I would like to examine these points, in the order noted above.
The notion that if young women are not married by age 21 or 22, it is a catastrophe in the making.
In short, I believe that this type of thinking is, in itself, one of the main causes of the problem.
Apparently there is an unwritten rule that as soon as a young woman in our community finishes the year after high school, or even earlier, she must immediately enter the shidduch process. If a year goes by, and it is two whole years, Heaven forfend, after High School, and the big Two Oh looms, it is time to begin panicking and to enter crisis mode. Why? Why do we already begin to consider this a crisis and misfortune, and 21 year old girls begin worrying about becoming spinsters?
Here are some possible factors that ought to be examined in the light of this problem: There is an ethic that it is undesirable, or even dangerous, for a young woman to have finished High School and Seminary, and not be interested in getting married quite yet. That somehow it will be harmful if she finds employment or goes on for higher education for a year or two while having some degree of independence.
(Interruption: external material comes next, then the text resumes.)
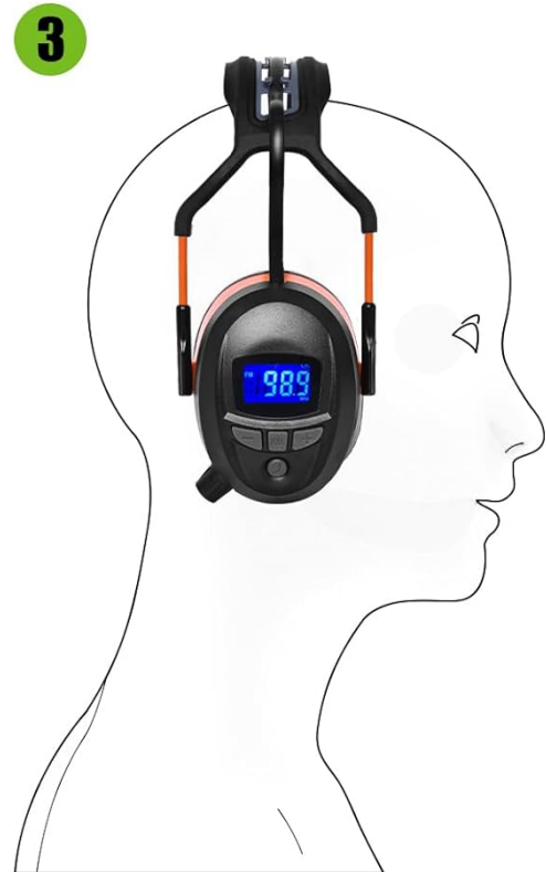
Image: Visual guide demonstrating how to adjust the headband and earcups for an optimal and comfortable fit.

While many young women do want to marry younger, I know of many others who would prefer to have a year or two as a young adult without having the responsibilities, and yes, the burdens, of being a wife and mother by age twenty. To be free to work, explore, travel, see something of the world outside of school and seminary and figure out for themselves who they are and where they fit in to the community. They resent greatly the pressure of having to immediately put all their efforts into getting married, for fear of being “left out” while “all the good bochurim will already be taken”.